Observational evidence for the role of acute revascularisation in decompensated HFrEF is extremely limited, in part because it is rarely utilised in current clinical practice. Angiography remains underutilised in the acute setting, with recent data from the BIOSTAT-CHF programme demonstrating that only 12.5% of patients underwent angiography within 30 days of decompensation [65•]. Of 170,000 patients across three large ADHF registries, only 2–4% received inpatient revascularisation [6]. There is a small amount of retrospective data to suggest improved outcomes in ADHF patients who have undergone prior revascularisation, data that will again be subject to significant selection bias. As the benefit of revascularisation in the management of acutely decompensated heart failure is not defined, clinicians may take a pragmatic approach. In our centre, we have a low threshold for coronary angiography performed during the index admission. This permits early risk stratification and ongoing planning. Inpatient revascularisation is performed only where there is concern for developing cardiogenic shock or an inotrope requirement, or an ACS cannot be excluded on clinical grounds (including TIMI flow grade < 3). In patients without these features, revascularisation is initially deferred.

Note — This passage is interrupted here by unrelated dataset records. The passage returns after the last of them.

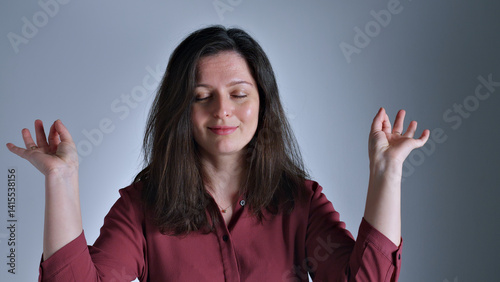 A woman in a red shirt raises her hands, eyes closed, conveying a sense of peace and mindfulness.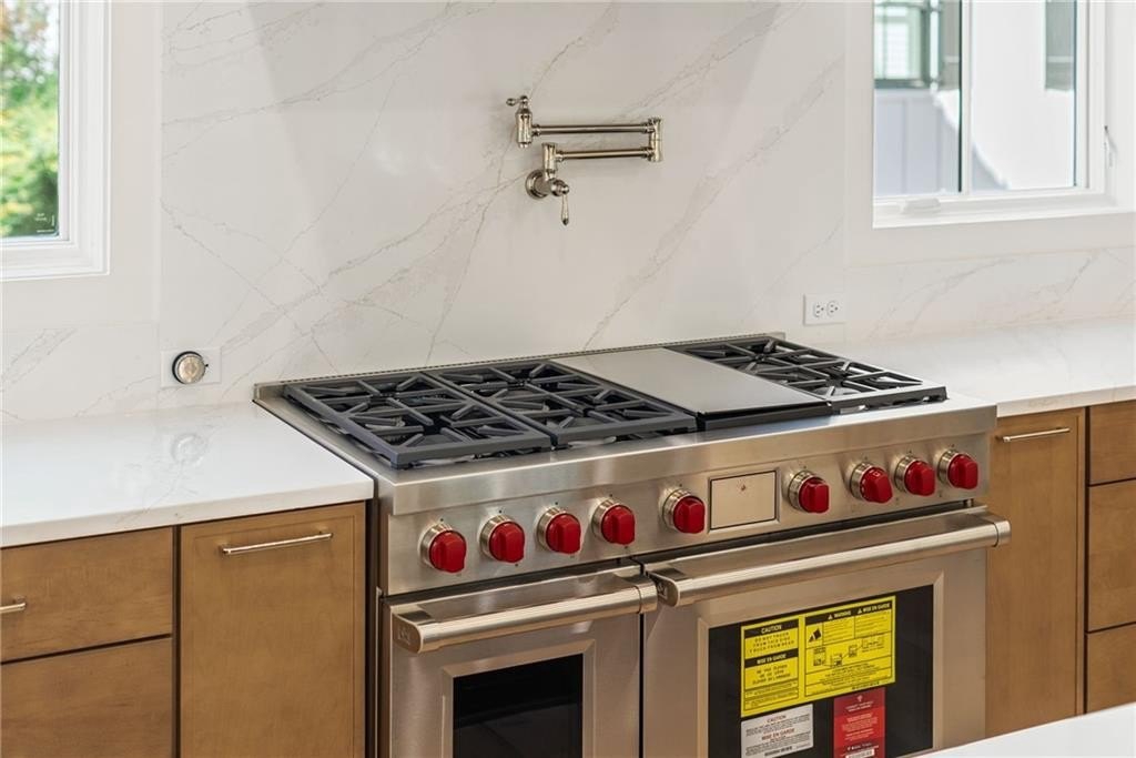 Inside, the heart of the home is the gourmet kitchen — a 3-sided design that surrounds a large center island with seating and abundant cabinetry. Culinary enthusiasts will love the 48" Wolf range, built-in Sub-Zero refrigerator, Cove dishwasher, and under-counter beverage center, all set against quartz countertops and a designer tile backsplash.
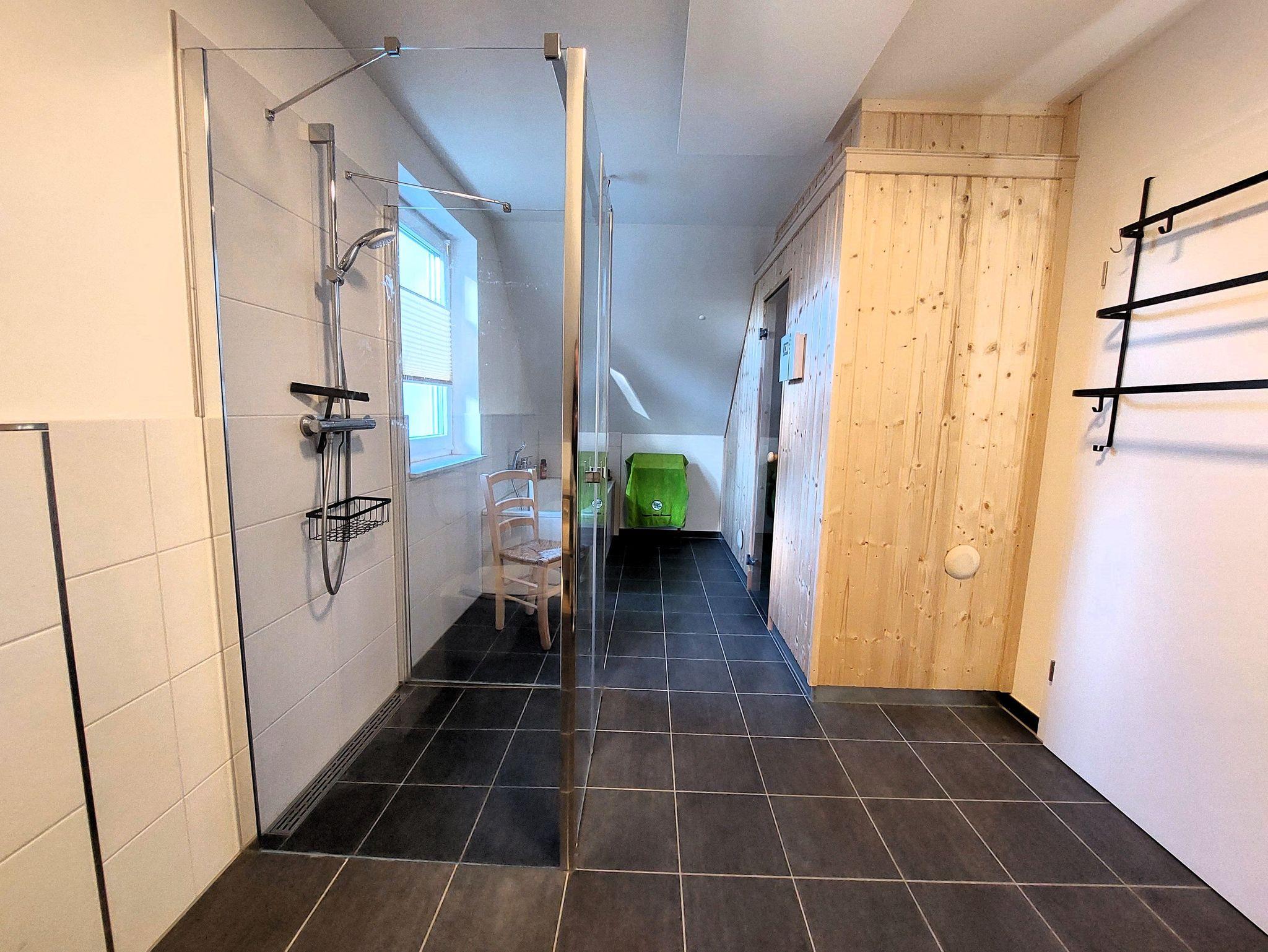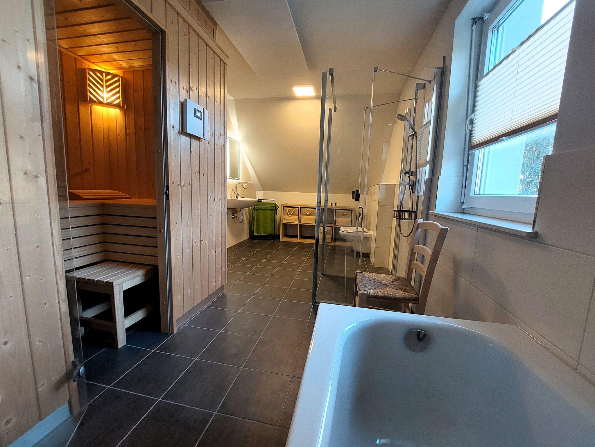 Das geräumige Familienbad im Obergeschoss besitzt neben der Dusche auch eine Badewanne und eine Sauna. Das zusätzliche Bad im Erdgeschoss hat ebenfalls eine Dusche. Somit finden Gäste mit eingeschränkter Mobilität alle notwendigen Räume im Erdgeschoss.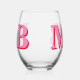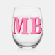 Minimalist Pink Red Modern Initial Monogram Stemless Wine Glass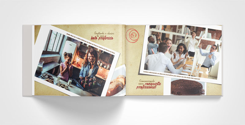 Idealizamos um livreto com momentos para saborear um bolo da Vó Alzira. Nele, ilustramos com fotos humanizadas e também, dos bolos exclusivos cada momento selecionado. O material foi um sucesso e cada página veio carregada de memória afetiva e significado.

Subsequent management strategy is discussed at a multidisciplinary forum and with the patient, with consideration given to enrolment in relevant clinical trials. Future investigations of the role of acute revascularisation in ADHF would be welcomed.

Conclusions

The last decade has seen significant advances in our understanding of hibernation and its role in ischaemic left ventricular dysfunction. In particular, progress has been made in pathophysiological research, relevant diagnostics (particularly coronary physiology and CMR) and revascularisation techniques (including reducing surgical risk, complex/CTO angioplasty and mechanical circulatory support). These have contributed to far greater understanding of the role of revascularisation in ischaemic heart failure. Our knowledge of the utility of these techniques in the setting of decompensated heart failure remains primitive and is an essential avenue for future investigation.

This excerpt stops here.